• What is being asked:
From the material below, retype exactly the lines that begin at the line with "10月28日,楊芳在家中對(duì)繪好的蠟畫進(jìn)行染制。新華社記者 歐東衢 攝" and end after the line with "Opciones de interfaz: DP"; pictures stay out of the copy.

[Supplied records — start]

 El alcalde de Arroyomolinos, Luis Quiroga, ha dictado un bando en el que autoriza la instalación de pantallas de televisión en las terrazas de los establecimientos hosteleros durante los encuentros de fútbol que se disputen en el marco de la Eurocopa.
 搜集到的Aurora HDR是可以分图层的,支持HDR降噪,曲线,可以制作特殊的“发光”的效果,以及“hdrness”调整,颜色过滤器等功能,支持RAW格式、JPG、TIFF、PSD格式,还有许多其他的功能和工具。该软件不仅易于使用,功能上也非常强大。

[Supplied records — finish]
[Supplied records — start]

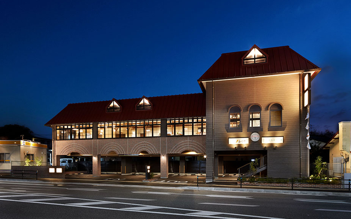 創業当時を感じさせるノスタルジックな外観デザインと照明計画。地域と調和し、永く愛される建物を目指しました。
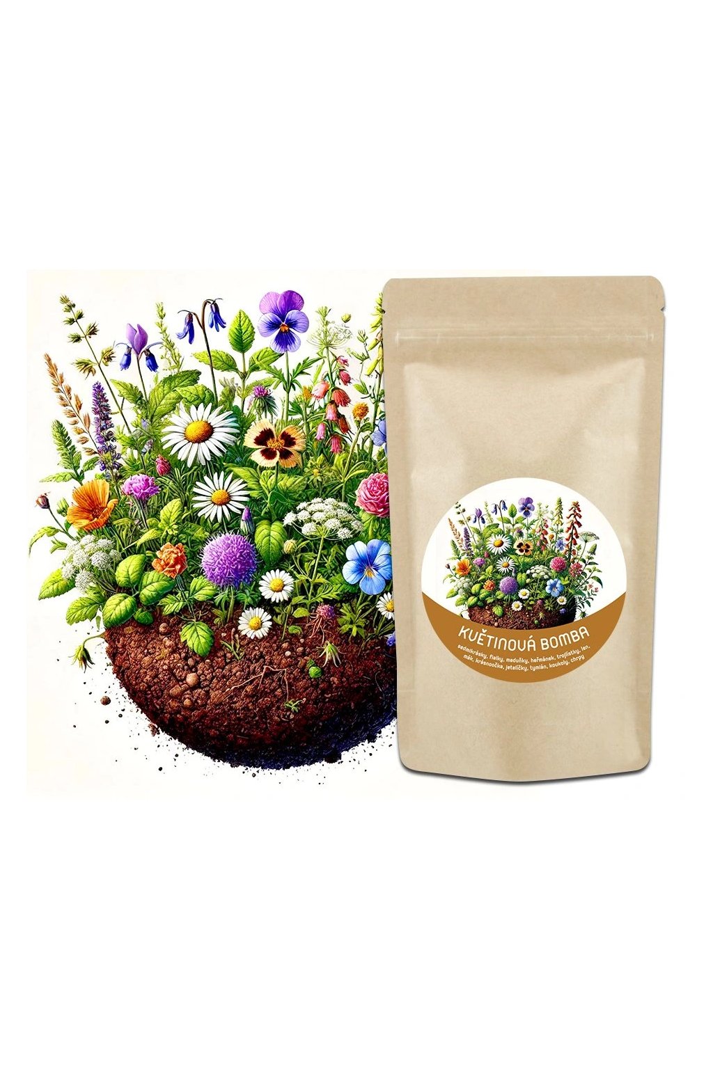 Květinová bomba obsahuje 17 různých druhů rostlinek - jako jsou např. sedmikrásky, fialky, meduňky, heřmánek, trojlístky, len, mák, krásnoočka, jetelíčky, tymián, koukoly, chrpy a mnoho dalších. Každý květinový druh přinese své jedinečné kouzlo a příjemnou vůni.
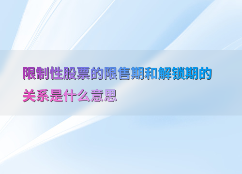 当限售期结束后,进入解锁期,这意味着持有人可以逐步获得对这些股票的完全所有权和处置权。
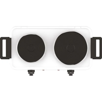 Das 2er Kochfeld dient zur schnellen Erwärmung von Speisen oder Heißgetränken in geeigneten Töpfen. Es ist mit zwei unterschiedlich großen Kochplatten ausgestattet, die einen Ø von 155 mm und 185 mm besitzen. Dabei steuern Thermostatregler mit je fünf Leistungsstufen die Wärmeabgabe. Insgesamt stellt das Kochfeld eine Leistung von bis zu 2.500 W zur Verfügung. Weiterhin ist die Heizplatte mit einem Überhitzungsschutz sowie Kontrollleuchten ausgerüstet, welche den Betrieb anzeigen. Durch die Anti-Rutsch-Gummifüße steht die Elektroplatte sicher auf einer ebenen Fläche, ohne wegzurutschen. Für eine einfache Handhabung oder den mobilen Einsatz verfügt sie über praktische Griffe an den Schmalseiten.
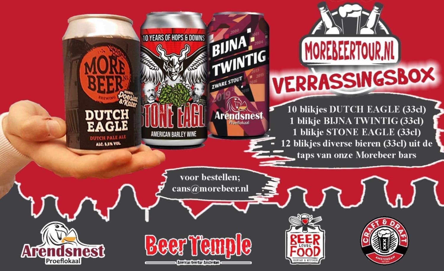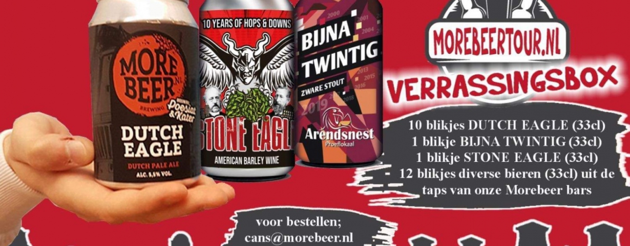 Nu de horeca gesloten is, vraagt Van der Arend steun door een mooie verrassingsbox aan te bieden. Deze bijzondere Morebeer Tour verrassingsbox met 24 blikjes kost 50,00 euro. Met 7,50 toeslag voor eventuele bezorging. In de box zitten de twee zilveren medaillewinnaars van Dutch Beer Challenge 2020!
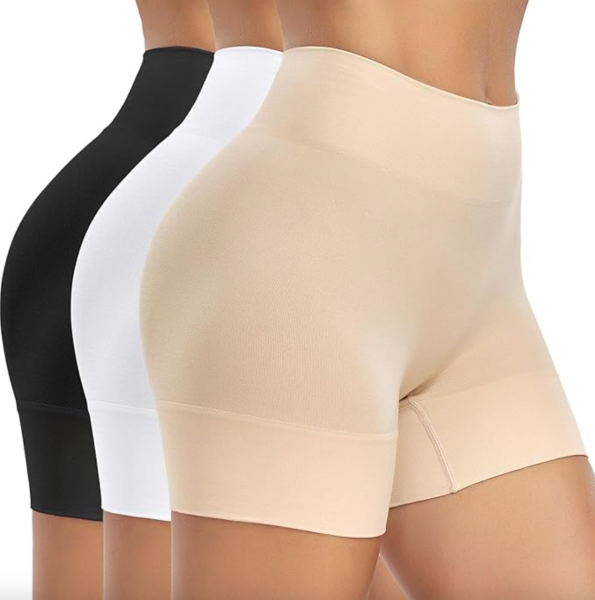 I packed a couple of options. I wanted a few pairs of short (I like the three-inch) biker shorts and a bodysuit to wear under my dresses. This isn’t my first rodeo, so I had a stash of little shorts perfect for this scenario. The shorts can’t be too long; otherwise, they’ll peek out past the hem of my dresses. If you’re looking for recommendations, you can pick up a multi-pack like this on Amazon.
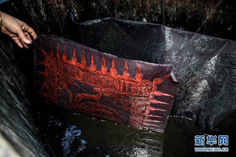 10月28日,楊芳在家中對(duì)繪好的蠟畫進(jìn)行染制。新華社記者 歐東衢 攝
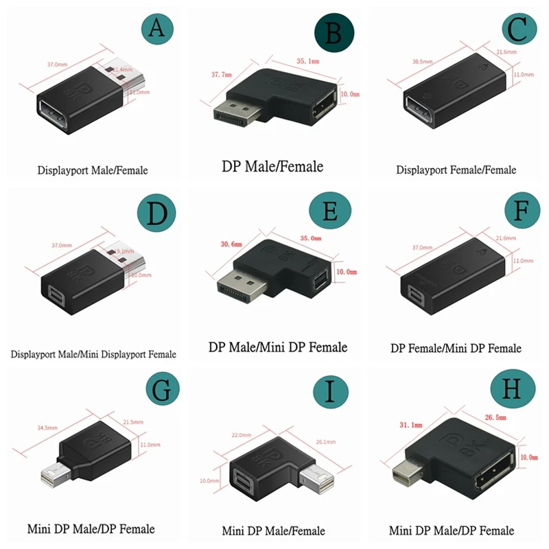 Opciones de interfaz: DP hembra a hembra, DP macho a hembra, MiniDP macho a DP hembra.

[Supplied records — finish]

• Answer below:
 10月28日,楊芳在家中對(duì)繪好的蠟畫進(jìn)行染制。新華社記者 歐東衢 攝
 Opciones de interfaz: DP hembra a hembra, DP macho a hembra, MiniDP macho a DP hembra.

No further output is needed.